Inteins as Drug Targets and Therapeutic Tools
Anil Mathew Tharappel, Zhong Li, Hongmin Li
Abstract
Multidrug-resistant pathogens are of significant concern in recent years. Hence new antifungal and anti-bacterial drug targets are urgently needed before the situation goes beyond control. Inteins are polypeptides that self-splice from exteins without the need for cofactors or external energy, resulting in joining of extein fragments. Inteins are present in many organisms, including human pathogens such as Mycobacterium tuberculosis , Cryptococcus neoformans , C. gattii , and Aspergillus fumigatus . Because intein elements are not present in human genes, they are attractive drug targets to develop antifungals and antibiotics. Thus far, a few inhibitors of intein splicing have been reported.

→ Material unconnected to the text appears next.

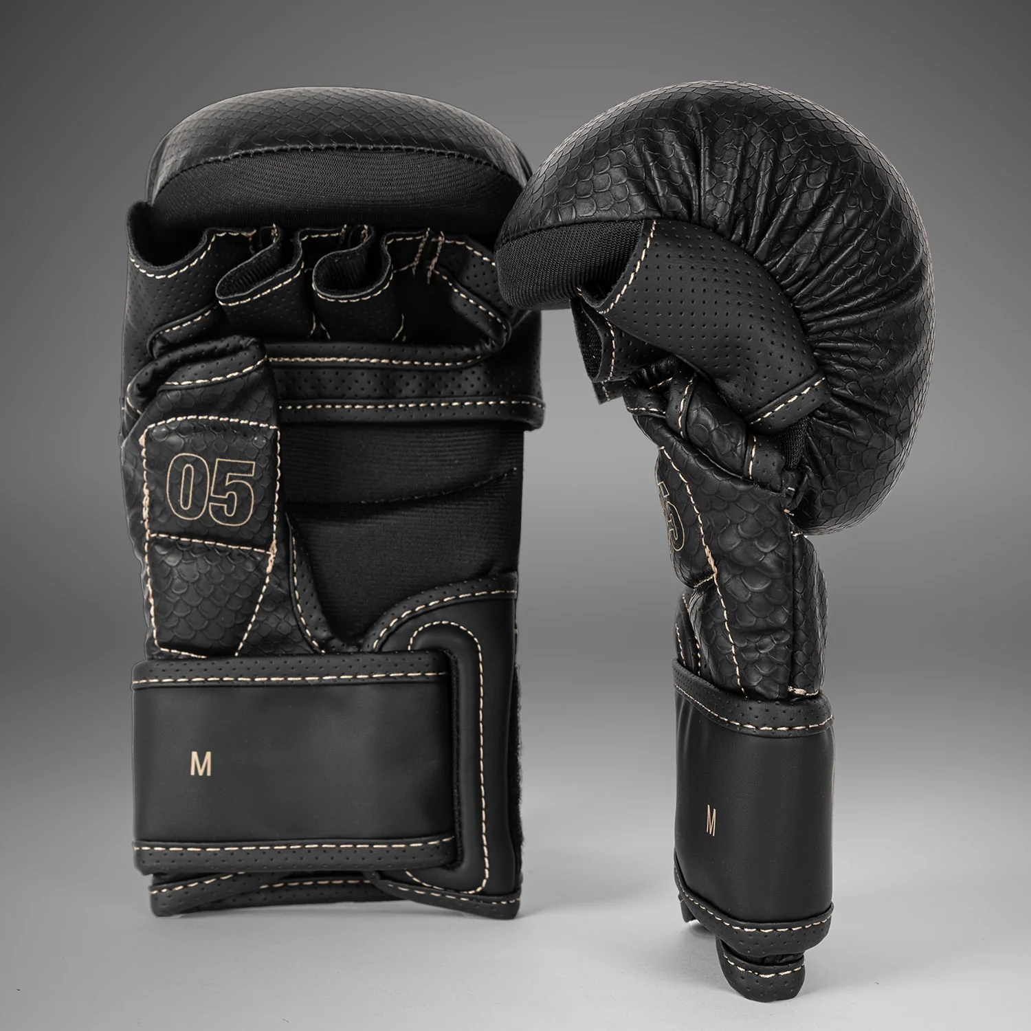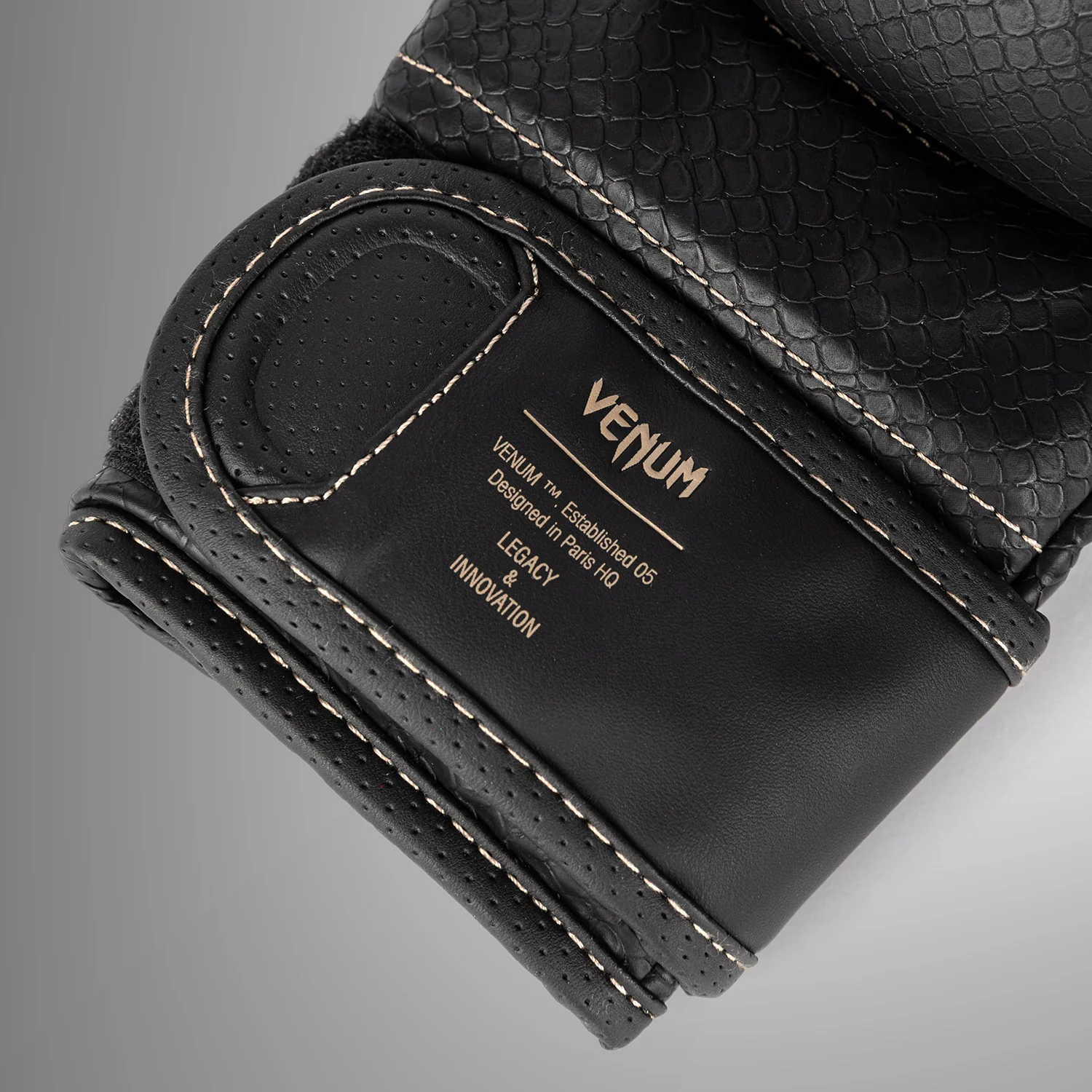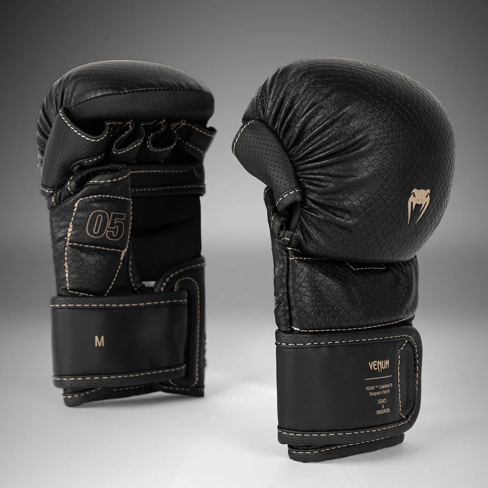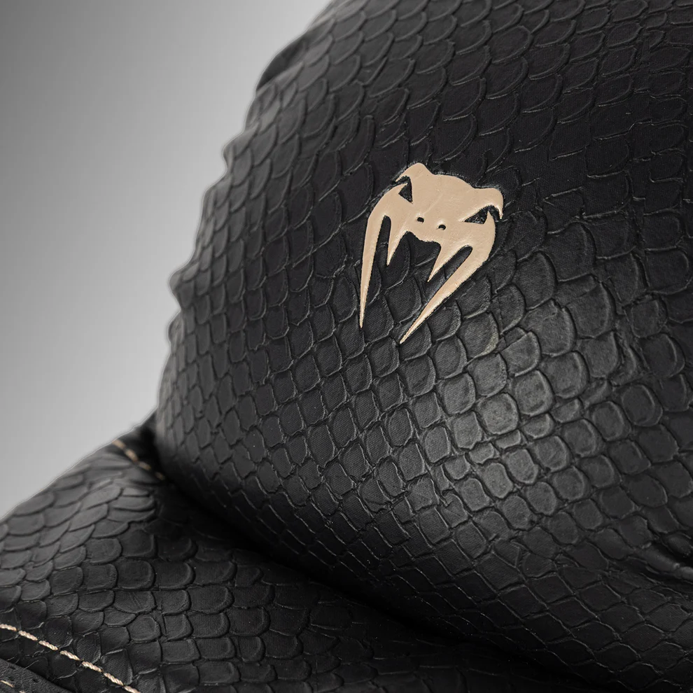 Beżowe szwy nawiązują do anatomicznej konstrukcji rękawic, tworząc subtelny kontrast. Teksturowane łuski rozłożone na powierzchni przypominają o konieczności uderzania mocno i szybko z Venum.
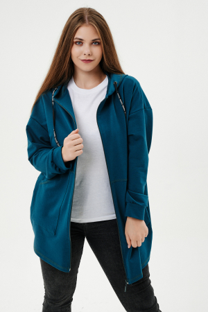 Толстовка женская прямого силуэта до линии бедер, в нижней части заужена по бокам. Рукав втачной с заниженной линией плеча, с манжетой. Капюшон с люверсами и декоративными шнурками. Застежка на тесьму-молнию. В нижней части полочки два накладных кармана. Цвет изумруд в разных оттенках.

Metal-ions such as Zn 2+ and Cu 2+ , and platinum-containing compound cisplatin inhibit intein splicing in M. tuberculosis and C. neoformans by binding to the active site cysteines. A small-molecule inhibitor 6G-318S and its derivative 6G-319S are found to inhibit intein splicing in C. neoformans and C. gattii with a MIC in nanomolar concentrations. Inteins have also been used in many other applications. Intein can be used in activating a protein inside a cell using small molecules. Moreover, split intein can be used to deliver large genes in experimental gene therapy and to kill selected species in a mixed population of microbes by taking advantage of the toxin-antitoxin system. Furthermore, split inteins are used in synthesizing cyclic peptides and in developing cell culture model to study infectious viruses including SARS-CoV-2 in the biosafety level (BSL) 2 facility. This mini-review discusses the recent research developments of inteins in drug discovery and therapeutic research.